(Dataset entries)

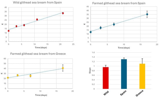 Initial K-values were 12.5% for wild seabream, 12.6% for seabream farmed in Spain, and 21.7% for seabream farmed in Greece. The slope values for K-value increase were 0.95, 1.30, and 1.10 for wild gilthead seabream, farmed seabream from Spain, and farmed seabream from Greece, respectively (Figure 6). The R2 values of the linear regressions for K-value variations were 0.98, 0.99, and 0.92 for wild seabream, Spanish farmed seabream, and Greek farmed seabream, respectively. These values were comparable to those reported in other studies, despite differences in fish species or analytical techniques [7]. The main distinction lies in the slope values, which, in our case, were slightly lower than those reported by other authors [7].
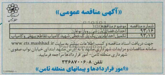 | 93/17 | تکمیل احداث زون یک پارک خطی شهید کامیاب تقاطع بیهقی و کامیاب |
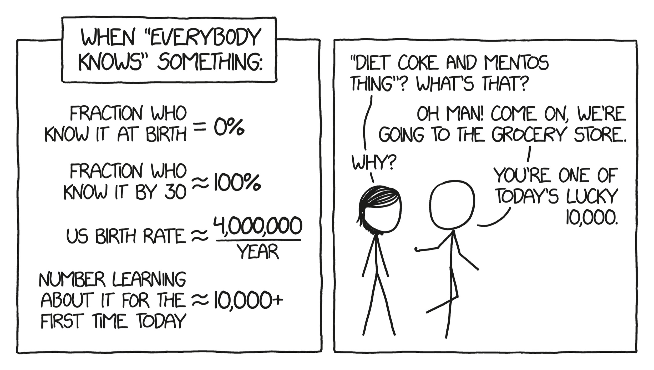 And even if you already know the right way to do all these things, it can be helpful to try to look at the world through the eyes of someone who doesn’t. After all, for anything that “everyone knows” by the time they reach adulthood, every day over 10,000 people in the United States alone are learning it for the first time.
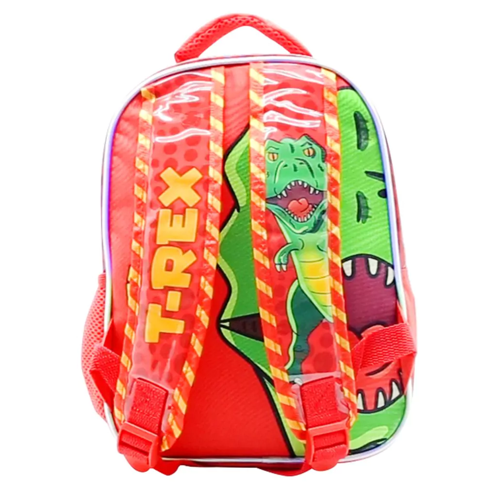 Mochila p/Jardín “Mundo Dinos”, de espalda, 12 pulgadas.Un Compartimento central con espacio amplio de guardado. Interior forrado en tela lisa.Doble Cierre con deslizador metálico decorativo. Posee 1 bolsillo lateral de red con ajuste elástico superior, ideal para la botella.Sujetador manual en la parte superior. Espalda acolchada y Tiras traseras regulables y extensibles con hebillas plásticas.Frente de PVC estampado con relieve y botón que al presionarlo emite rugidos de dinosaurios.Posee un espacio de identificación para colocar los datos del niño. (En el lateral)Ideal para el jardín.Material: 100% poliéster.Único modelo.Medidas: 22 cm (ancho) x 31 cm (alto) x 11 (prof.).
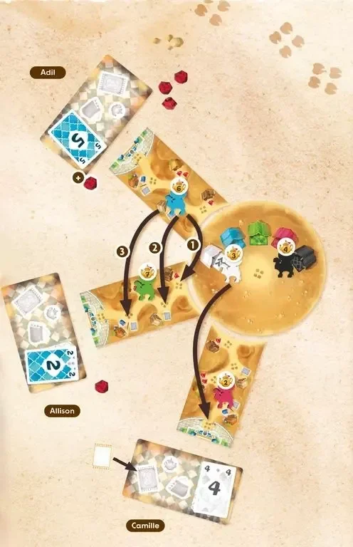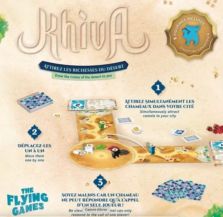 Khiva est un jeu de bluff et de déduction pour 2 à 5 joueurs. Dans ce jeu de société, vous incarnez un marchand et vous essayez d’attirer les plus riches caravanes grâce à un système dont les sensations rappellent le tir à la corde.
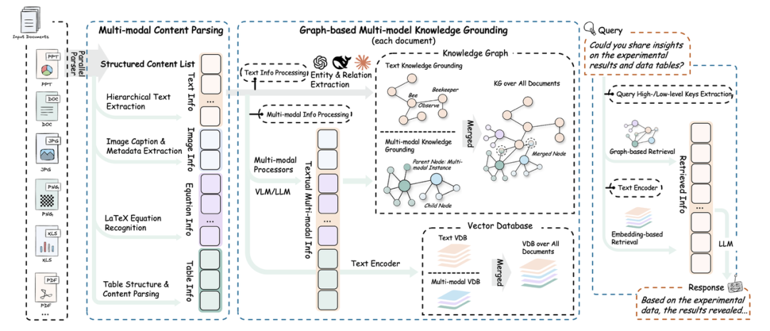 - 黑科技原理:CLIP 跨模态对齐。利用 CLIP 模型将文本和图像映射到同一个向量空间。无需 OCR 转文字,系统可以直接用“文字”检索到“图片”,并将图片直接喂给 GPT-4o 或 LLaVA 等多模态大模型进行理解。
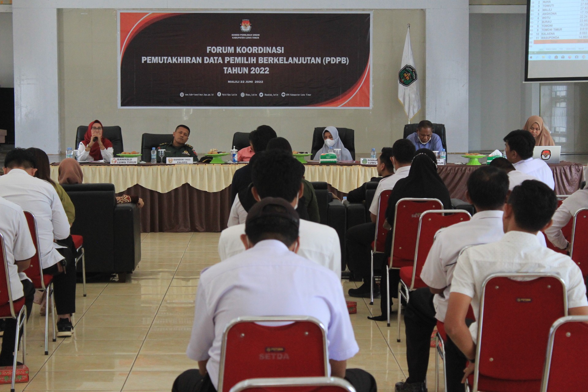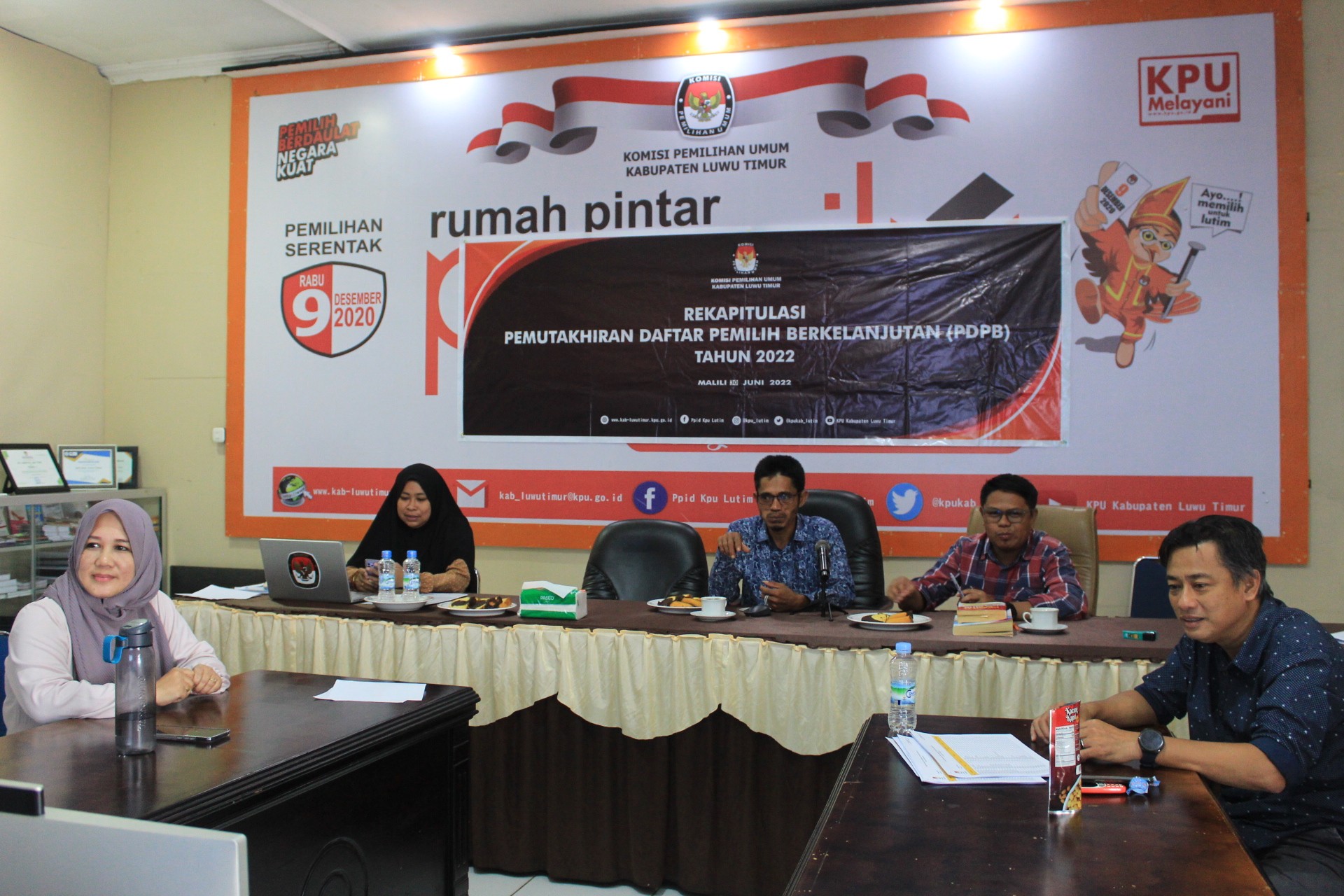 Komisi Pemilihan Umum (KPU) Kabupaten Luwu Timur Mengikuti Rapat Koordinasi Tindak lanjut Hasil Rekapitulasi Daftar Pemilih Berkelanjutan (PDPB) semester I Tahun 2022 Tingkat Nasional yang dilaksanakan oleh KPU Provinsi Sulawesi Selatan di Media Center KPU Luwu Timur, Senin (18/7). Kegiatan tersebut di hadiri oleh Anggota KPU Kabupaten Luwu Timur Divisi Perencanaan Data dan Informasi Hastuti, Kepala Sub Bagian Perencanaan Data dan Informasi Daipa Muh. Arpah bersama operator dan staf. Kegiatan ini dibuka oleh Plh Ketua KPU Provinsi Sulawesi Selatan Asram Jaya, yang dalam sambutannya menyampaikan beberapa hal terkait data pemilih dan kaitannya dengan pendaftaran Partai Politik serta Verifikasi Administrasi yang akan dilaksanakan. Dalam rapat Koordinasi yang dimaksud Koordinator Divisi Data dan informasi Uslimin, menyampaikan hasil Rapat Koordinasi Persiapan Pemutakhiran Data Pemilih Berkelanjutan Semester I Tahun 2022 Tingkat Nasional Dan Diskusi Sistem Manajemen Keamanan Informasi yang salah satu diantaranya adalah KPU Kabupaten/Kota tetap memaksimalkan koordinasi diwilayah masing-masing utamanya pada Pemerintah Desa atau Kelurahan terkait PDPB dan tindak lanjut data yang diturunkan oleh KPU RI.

WHAT THE TASK REQUIRES →
Exactly the lines from the top of the entries through the line with "بیهقی و کامیاب |", inclusive, must be given again, with every picture omitted.

TASK RESULT →
 Initial K-values were 12.5% for wild seabream, 12.6% for seabream farmed in Spain, and 21.7% for seabream farmed in Greece. The slope values for K-value increase were 0.95, 1.30, and 1.10 for wild gilthead seabream, farmed seabream from Spain, and farmed seabream from Greece, respectively (Figure 6). The R2 values of the linear regressions for K-value variations were 0.98, 0.99, and 0.92 for wild seabream, Spanish farmed seabream, and Greek farmed seabream, respectively. These values were comparable to those reported in other studies, despite differences in fish species or analytical techniques [7]. The main distinction lies in the slope values, which, in our case, were slightly lower than those reported by other authors [7].
 | 93/17 | تکمیل احداث زون یک پارک خطی شهید کامیاب تقاطع بیهقی و کامیاب |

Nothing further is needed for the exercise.